Common cues include:

  • Beeps: A sequence of three rhythmic beeps preceding the cue is played for the talent. Where the fourth beep should sound, the talent begins their line.
  • Lights: Working much like beeps, a panel of four lights will light up in front of the talent. At regular intervals (usually one second, but this can be set according to the talent’s preference), a light will disappear. When the final light turns off, the talent begins their line.
  • Ribbons: Two vertical lines (commonly called ribbons in the studio) appear, one at each end of the screen. As the scene plays, the ribbons move towards the center of the screen. When the two ribbons meet, the talent begins their line.
  • Time Code: A running clock on the screen telling the talent the current hour, minute, second, and frame of the film. The talent would be told what time their line begins. As the scene plays, the time code rolls and when the time reaches the desired number, the talent begins their line. This system is only used in the direst circumstances.

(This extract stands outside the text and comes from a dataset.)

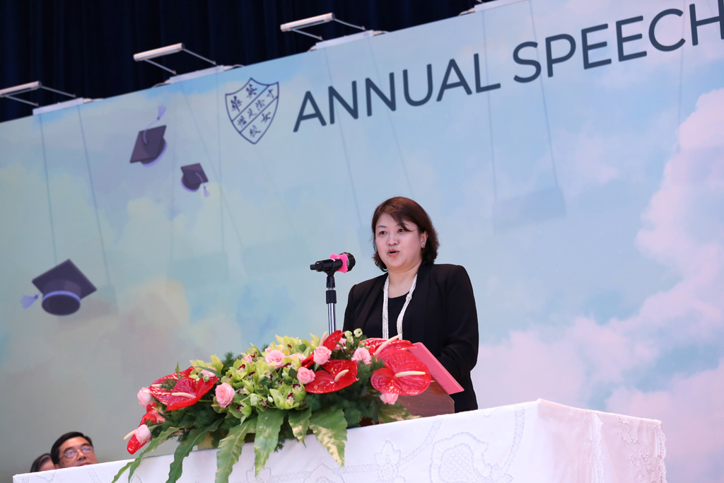 The annual Speech Day took place on July 9 at the Silcocks Hall. Mr Francis Kwan, our Principal, warmly welcomed parents and congratulated the graduates on their successful completion of secondary school. We were privileged to have Dr Libby Lee (李夏茵醫生), JP, an alumna and the Under Secretary for Health at the Health Bureau (醫務衞生局副局長) of the HKSAR, PRC, as one of our distinguished guests.
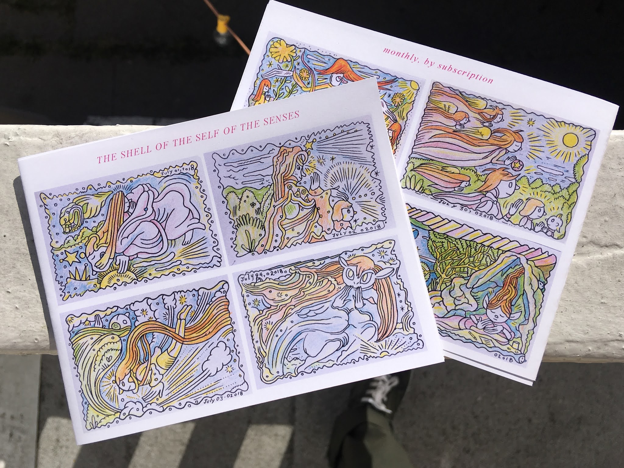THE SHELL OF THE SELF OF THE SENSES is my monthly zine subscription series. For $12/month ($15/intl) you’ll receive a new minicomic IN THE MAIL from me every month.

It is extremely difficult to be precise because the line begins on a specific frame and the time code is running anywhere between 24 and 30 frames per second. It becomes very tiring for the talent to concentrate on numbers and performance at the same time. The easier the cue on the senses, the more likely the talent will know when to begin their line.

Recording studios will use any one or a combination of these cues during and ADR session. Most are flexibly equipped in order to make the talent more comfortable. Lights can distract some talent and beeps sometimes drown out the dialogue leading up to the replaced line, making it more difficult for the talent to get into character.

Why must dialogue be replaced?

When shooting a film, the most important thing is the visuals and the performances. It is what you are paying thousands of dollars a day to capture. And if something goes wrong, you must pay thousands more to reshoot the scene. As a result, sound often gets sacrificed. Microphones are very sensitive and pick up a lot of noise. Even on soundproof stages, you can sometimes here the lights buzz or generators outside rumbling. Most scenes shot outdoors are ADR’d. This is usually because of wind but also can be due to heavy traffic or random animals that want to be movie stars.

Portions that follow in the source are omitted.